Moscow Warns NATO, Ankara Rejects Surveillance request

As Ankara and Moscow continue to have issues over airspace violations and approval of flights, the Russian Foreign Ministry has called on the North Atlantic Treaty Organization (NATO) to refrain from interfering from what it considers to be a bilateral matter.

Director Andrei Kelin, head of the European Cooperation Department at the Russian Foreign Ministry, stressed in a press release that Russian aircrafts violating Turkish airspace, the latest allegation dating back to last week, is not part of the multilateral organization’s mission because “there is no concept of airspace within the alliance.”
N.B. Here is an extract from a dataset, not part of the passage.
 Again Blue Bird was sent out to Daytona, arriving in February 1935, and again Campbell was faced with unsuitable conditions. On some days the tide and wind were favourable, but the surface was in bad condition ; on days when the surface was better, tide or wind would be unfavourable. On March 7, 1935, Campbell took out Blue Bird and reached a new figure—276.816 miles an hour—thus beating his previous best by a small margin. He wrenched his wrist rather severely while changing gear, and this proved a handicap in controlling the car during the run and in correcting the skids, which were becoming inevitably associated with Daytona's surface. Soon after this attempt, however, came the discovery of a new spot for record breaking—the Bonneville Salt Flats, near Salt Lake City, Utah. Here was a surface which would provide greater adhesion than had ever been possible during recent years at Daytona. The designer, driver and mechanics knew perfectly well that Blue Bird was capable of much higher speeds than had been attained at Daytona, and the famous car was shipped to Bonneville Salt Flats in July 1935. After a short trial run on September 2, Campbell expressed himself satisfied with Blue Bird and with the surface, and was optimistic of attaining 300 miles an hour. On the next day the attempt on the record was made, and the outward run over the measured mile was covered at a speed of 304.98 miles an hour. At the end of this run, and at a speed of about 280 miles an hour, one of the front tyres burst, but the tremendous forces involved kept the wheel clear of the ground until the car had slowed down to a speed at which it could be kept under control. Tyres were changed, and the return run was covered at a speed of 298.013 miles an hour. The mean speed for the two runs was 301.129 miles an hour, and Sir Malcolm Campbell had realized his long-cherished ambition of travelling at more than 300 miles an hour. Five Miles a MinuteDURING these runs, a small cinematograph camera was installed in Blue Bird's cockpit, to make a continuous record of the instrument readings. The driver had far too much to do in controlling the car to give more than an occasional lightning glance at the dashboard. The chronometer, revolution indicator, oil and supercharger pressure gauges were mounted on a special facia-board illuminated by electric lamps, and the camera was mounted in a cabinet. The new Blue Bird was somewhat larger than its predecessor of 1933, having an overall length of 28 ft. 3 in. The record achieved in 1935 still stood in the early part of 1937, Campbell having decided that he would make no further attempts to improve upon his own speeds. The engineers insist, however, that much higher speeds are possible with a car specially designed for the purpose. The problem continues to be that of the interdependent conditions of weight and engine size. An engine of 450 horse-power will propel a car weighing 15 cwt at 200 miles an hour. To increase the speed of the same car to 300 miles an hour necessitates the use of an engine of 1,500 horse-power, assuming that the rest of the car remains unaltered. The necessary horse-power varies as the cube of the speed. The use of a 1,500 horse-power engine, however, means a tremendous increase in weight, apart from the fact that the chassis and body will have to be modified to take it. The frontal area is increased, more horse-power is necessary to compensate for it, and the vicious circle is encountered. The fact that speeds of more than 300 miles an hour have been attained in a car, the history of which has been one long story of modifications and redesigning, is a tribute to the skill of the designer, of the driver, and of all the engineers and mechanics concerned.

His remarks came after NATO confirmed Turkey’s allegations of a Russian Sukhoi-34 illegally entering its airspace before asking Moscow to stop violating NATO’s airspace. Russia denied the allegations and Kelin said “the issue must be resolved between the two countries; between Moscow and Ankara.”
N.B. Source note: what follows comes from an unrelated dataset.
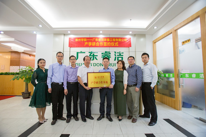 本网讯 4月24日上午,党委副书记赵日兴带队赴广东睿洁环保工程有限公司(惠州)参加产学研合作基地协议签订暨授牌仪式。广东睿洁环保工程有限公司董事长何惠国、总经理陈盛凯及业务代表,我校化学与材料工程学院、生命科学学院负责人及教师代表出席了仪式。
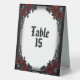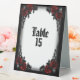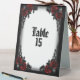 Belles roses rouges profondes sur le cadre en fer forgé un numéro de table. Il fait partie d'une suite mariage appelée Red Rose Gothic Il est facile de coordonner tout pour votre mariage une fois que vous avez choisi le thème et la palette de couleurs appropriés. Choisissez un thème mariage unique pour rendre votre journée spéciale parfaite. Le Fancy House propose un large assortiment de suites mariages à thèmes et couleurs variés. Veuillez vérifier votre texte avant l'achat final

On Thursday, Turkey’s Foreign Ministry spokesman Tanju Bilgicha explained that Ankara on Wednesday cancelled the approval of a Russian surveillance flight that was already in the country because they could not reach an agreement on the flight route. The surveillance was to be held under the Open Skies Treaty to develop transparency, monitor the fulfillment of armament control agreements, and expand capabilities to prevent crises within the framework of the Organization for Security and Cooperation in Europe (OSCE) and other international organizations.

The route according to Sergey Ryzhkov, chief of the Russian Defense Ministry’s department for control of the implementation of treaties included “the observation of areas adjacent to the Syrian border and airfields where NATO aircraft are concentrated.”

Ties between the two countries continue to be tense and it is unclear if Ankara would approve the request if modified even though Russia has not revealed such plans.